## [PROBLEM TO WORK ON]
The records appear below. Set down exactly each line from the one that contains "Página para colorir" through the last, both included.

## [RECORD EXTRACTS]

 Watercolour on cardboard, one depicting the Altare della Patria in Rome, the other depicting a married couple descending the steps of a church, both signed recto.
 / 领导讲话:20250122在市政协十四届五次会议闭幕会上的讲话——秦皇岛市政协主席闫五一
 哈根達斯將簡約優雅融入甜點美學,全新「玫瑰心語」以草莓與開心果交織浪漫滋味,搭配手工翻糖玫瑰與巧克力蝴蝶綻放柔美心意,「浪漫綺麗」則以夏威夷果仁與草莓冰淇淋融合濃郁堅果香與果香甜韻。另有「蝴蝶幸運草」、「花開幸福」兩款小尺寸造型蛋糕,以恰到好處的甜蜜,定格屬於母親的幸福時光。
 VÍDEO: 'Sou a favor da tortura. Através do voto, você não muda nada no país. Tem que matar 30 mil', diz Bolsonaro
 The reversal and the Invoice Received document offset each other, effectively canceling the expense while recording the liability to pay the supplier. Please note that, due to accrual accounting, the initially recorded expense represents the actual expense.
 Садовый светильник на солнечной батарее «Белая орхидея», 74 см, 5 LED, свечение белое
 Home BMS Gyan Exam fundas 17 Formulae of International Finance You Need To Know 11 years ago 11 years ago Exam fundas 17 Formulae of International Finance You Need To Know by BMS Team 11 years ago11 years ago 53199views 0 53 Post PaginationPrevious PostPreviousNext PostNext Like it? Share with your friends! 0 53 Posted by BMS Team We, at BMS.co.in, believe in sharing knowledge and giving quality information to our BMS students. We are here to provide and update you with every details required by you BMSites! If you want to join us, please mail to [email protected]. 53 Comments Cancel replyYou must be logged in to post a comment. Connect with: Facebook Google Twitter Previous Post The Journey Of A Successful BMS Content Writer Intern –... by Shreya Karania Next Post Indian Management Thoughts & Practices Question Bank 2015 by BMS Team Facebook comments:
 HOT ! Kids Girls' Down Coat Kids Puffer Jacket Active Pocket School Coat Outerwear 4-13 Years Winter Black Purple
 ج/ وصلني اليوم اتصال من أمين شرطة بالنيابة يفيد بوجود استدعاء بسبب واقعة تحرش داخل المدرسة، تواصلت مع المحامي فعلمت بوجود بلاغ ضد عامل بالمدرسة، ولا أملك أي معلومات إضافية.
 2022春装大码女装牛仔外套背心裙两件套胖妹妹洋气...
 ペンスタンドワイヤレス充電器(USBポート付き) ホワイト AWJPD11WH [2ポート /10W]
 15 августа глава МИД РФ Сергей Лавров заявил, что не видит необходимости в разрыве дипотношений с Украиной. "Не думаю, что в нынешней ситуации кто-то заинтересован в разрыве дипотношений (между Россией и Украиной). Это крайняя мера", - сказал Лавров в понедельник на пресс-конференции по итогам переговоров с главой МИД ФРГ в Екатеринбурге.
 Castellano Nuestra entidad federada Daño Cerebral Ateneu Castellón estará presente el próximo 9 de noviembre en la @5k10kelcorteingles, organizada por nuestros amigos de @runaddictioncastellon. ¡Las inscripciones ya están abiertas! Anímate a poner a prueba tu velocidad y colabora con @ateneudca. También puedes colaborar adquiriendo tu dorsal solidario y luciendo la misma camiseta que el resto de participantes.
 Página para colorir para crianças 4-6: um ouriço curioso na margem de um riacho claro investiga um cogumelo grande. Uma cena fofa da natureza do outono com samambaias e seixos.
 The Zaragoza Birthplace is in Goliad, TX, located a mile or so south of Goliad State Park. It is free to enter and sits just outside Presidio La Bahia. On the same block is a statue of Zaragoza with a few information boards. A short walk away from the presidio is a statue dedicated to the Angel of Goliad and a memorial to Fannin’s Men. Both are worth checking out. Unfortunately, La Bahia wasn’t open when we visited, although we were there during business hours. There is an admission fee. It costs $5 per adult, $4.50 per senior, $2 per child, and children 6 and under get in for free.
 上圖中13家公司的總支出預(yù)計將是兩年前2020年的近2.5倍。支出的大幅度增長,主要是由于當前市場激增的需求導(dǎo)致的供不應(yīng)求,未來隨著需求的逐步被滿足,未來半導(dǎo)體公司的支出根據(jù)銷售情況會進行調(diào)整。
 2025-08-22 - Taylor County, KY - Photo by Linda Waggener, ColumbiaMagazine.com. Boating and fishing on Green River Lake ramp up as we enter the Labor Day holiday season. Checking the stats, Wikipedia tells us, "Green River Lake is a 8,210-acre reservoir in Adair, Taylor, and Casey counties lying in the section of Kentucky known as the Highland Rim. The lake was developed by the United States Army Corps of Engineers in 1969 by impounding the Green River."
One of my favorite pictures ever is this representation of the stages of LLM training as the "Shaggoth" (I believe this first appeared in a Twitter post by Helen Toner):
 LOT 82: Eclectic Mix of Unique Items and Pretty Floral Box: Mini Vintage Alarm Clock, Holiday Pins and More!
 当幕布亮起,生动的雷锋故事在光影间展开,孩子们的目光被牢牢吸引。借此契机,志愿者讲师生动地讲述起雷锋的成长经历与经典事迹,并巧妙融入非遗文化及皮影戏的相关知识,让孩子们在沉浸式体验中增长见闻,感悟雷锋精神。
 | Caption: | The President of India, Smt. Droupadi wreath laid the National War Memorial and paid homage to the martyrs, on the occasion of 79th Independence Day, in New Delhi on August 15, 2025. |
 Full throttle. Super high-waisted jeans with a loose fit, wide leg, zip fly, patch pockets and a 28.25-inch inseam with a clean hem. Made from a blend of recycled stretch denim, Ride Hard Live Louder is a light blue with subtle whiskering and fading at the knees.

## [RESPONSE]
 Página para colorir para crianças 4-6: um ouriço curioso na margem de um riacho claro investiga um cogumelo grande. Uma cena fofa da natureza do outono com samambaias e seixos.
 The Zaragoza Birthplace is in Goliad, TX, located a mile or so south of Goliad State Park. It is free to enter and sits just outside Presidio La Bahia. On the same block is a statue of Zaragoza with a few information boards. A short walk away from the presidio is a statue dedicated to the Angel of Goliad and a memorial to Fannin’s Men. Both are worth checking out. Unfortunately, La Bahia wasn’t open when we visited, although we were there during business hours. There is an admission fee. It costs $5 per adult, $4.50 per senior, $2 per child, and children 6 and under get in for free.
 上圖中13家公司的總支出預(yù)計將是兩年前2020年的近2.5倍。支出的大幅度增長,主要是由于當前市場激增的需求導(dǎo)致的供不應(yīng)求,未來隨著需求的逐步被滿足,未來半導(dǎo)體公司的支出根據(jù)銷售情況會進行調(diào)整。
 2025-08-22 - Taylor County, KY - Photo by Linda Waggener, ColumbiaMagazine.com. Boating and fishing on Green River Lake ramp up as we enter the Labor Day holiday season. Checking the stats, Wikipedia tells us, "Green River Lake is a 8,210-acre reservoir in Adair, Taylor, and Casey counties lying in the section of Kentucky known as the Highland Rim. The lake was developed by the United States Army Corps of Engineers in 1969 by impounding the Green River."
One of my favorite pictures ever is this representation of the stages of LLM training as the "Shaggoth" (I believe this first appeared in a Twitter post by Helen Toner):
 LOT 82: Eclectic Mix of Unique Items and Pretty Floral Box: Mini Vintage Alarm Clock, Holiday Pins and More!
 当幕布亮起,生动的雷锋故事在光影间展开,孩子们的目光被牢牢吸引。借此契机,志愿者讲师生动地讲述起雷锋的成长经历与经典事迹,并巧妙融入非遗文化及皮影戏的相关知识,让孩子们在沉浸式体验中增长见闻,感悟雷锋精神。
 | Caption: | The President of India, Smt. Droupadi wreath laid the National War Memorial and paid homage to the martyrs, on the occasion of 79th Independence Day, in New Delhi on August 15, 2025. |
 Full throttle. Super high-waisted jeans with a loose fit, wide leg, zip fly, patch pockets and a 28.25-inch inseam with a clean hem. Made from a blend of recycled stretch denim, Ride Hard Live Louder is a light blue with subtle whiskering and fading at the knees.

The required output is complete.